Nos tempos do machismo

Agora que comportamentos machistas são amplamente discutidos na sociedade entre outros com movimentos deflagradores como o “me too” por exemplo, me veio a mente uma passagem da vida da minha finada tia que ilustra os estragos que o machismo, a misoginia e todo tipo de intolerância traz à vida das pessoas.
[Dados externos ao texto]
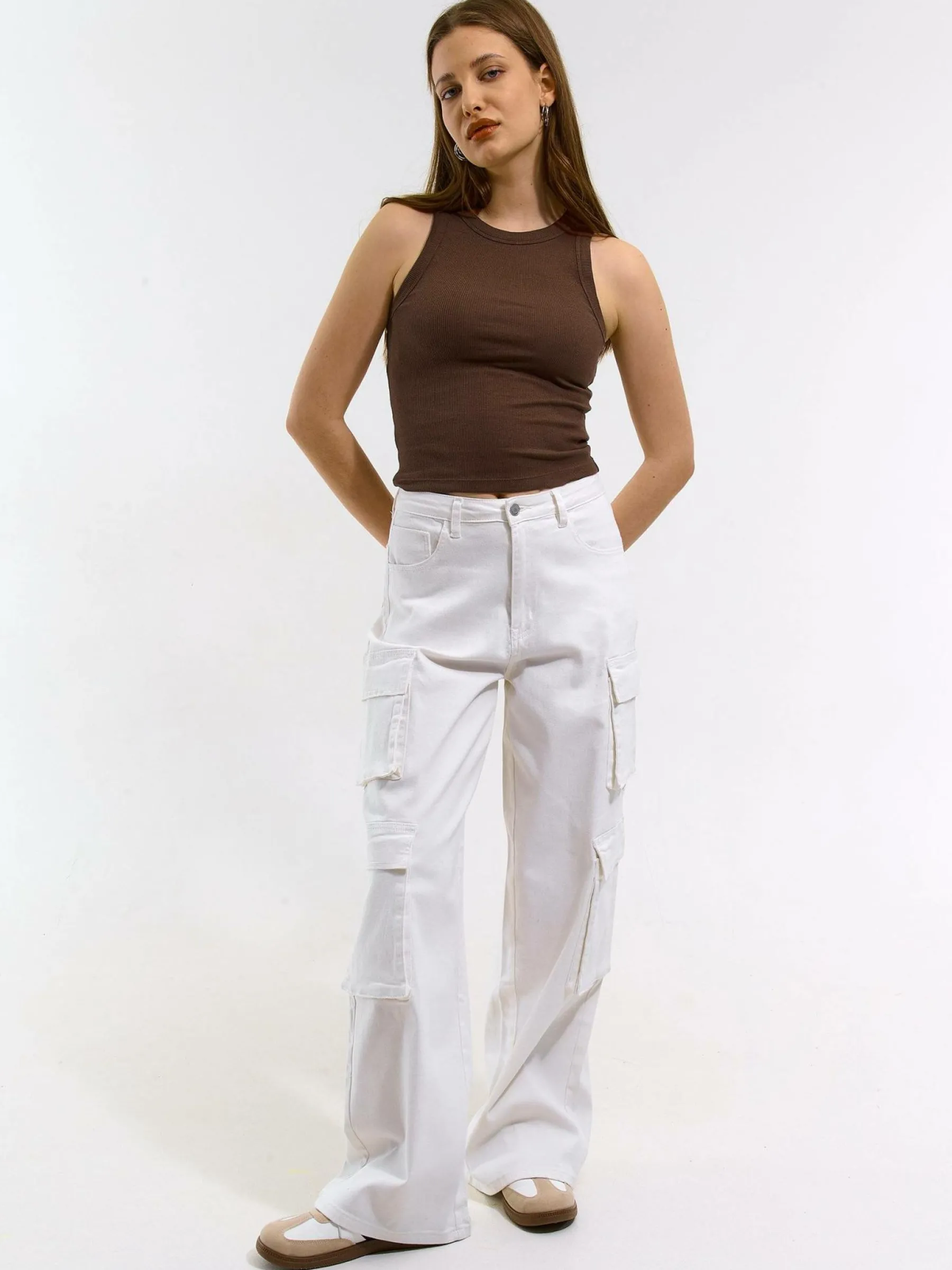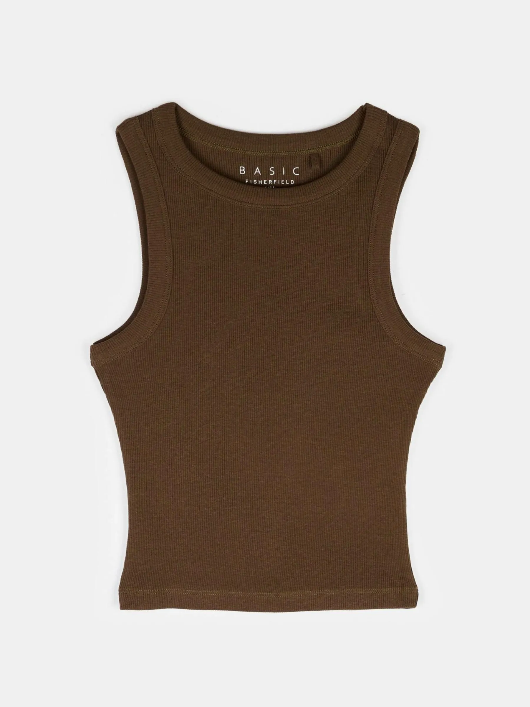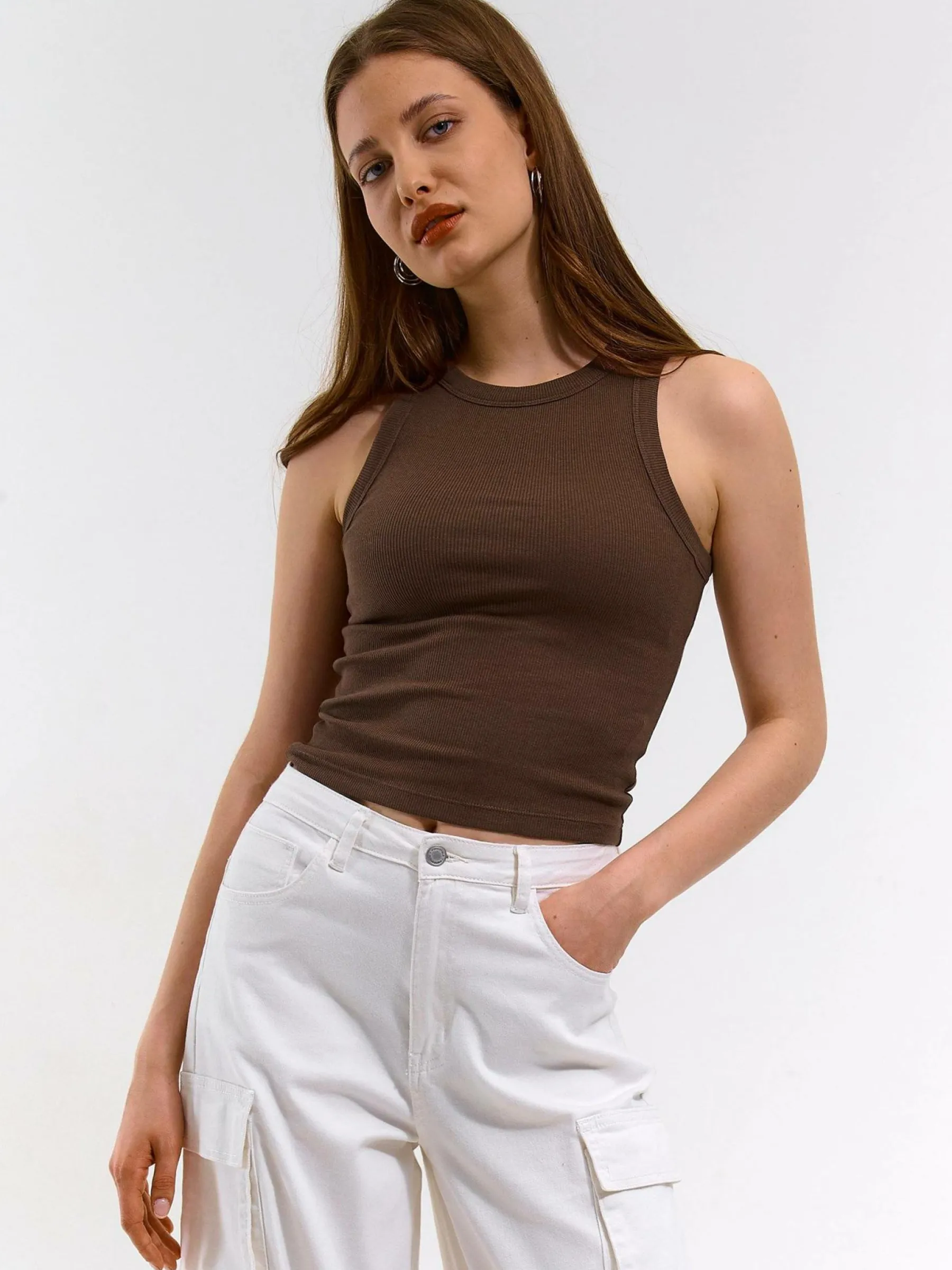 Kolor: brązowyKrój: regularTyp: podkoszulekRekaw: bez rękawówDługość: krótkiPattern style: pojedynczy kolor, że…
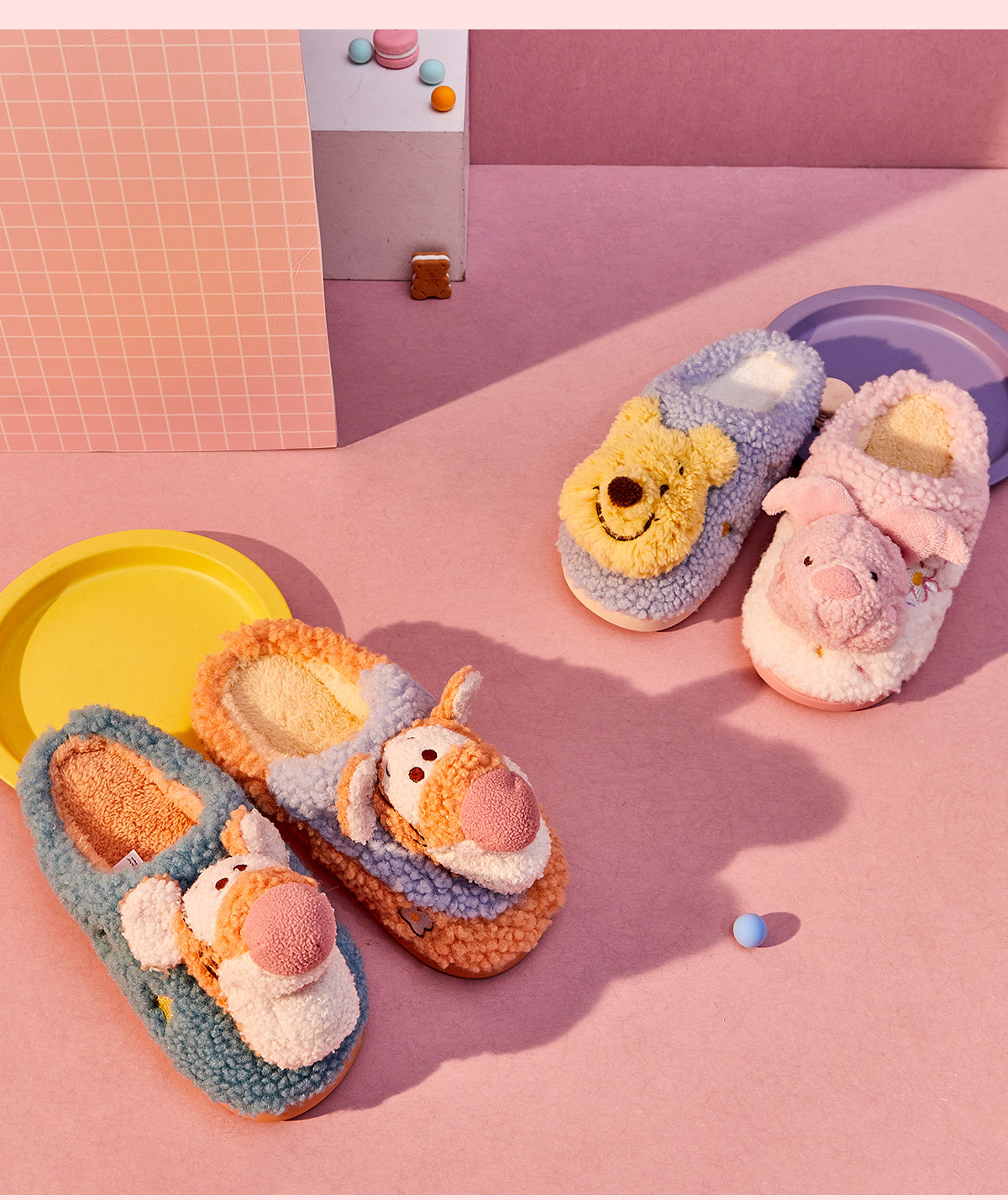Фруктовая раковина Disney IP -соединения пары пары женская зимняя комната теплый бархатный торт может носить хлопковые тапочки y

Ah, antes de contar, um adendo, uma sugestão de filme, especificamente de um filme nacional, “A vida invisível” de Karim Aïnouz filme indicado pelo Brasil para concorrer ao Oscar de melhor filme em língua não inglesa, eu me lembro que quando estava assistindo ao filme no cinema, imediatamente lembrei-me da minha tia, naquela época ainda viva e fiquei pensando, como o machismo destruiu com a vida e com os sonhos de tantas mulheres no passado, se as mulheres celebram algumas conquistas hoje, saibam as coisas eram muito piores no passado.

Vamos à história então:

Na década de 50 no extremo norte de Minas Gerais, cidades como conhecemos hoje eram quase que inexistentes, eram quando muito um mal-ajambrado de casas em volta de uma igrejinha. Foi numa dessas que minha mãe se casou no ano de 1953, ela lembra que assim que chegou na casinha nova, depois do casamento, ela riscou num canto da parede de adobe o ano de 1953. Enquanto o ano de 1953 marcava uma nova vida pra minha mãe, aquele ano pra minha tia (irmã da minha mãe) foi fatídico, porque foi também o ano em que ela se casou, mas não só isso, minha mãe e minha tia se casaram ambas no mesmo dia, na mesma igreja, ambas com dois irmãos da cidade vizinha de Montezuma, incrível não? Eu tenho certeza que um casamento desses seria como se tivesse saído da cena de um filme romântico de época, deve ter sido algo muito bonito de se ver, já imaginou?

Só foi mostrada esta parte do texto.